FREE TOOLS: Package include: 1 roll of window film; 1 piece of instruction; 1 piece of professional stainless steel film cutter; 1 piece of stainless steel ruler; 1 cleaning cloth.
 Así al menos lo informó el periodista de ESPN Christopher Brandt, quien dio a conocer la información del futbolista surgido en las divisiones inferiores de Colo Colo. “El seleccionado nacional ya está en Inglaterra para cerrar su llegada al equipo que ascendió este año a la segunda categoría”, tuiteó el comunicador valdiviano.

* * *

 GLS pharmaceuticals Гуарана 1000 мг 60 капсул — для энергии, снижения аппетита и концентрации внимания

[Brief]:
Set down precisely the lines above between the line holding "FREE TOOLS: Package" and the line holding "Así al menos", inclusive, and nothing beyond them.

[Answer to the exercise]:
FREE TOOLS: Package include: 1 roll of window film; 1 piece of instruction; 1 piece of professional stainless steel film cutter; 1 piece of stainless steel ruler; 1 cleaning cloth.
 Así al menos lo informó el periodista de ESPN Christopher Brandt, quien dio a conocer la información del futbolista surgido en las divisiones inferiores de Colo Colo. “El seleccionado nacional ya está en Inglaterra para cerrar su llegada al equipo que ascendió este año a la segunda categoría”, tuiteó el comunicador valdiviano.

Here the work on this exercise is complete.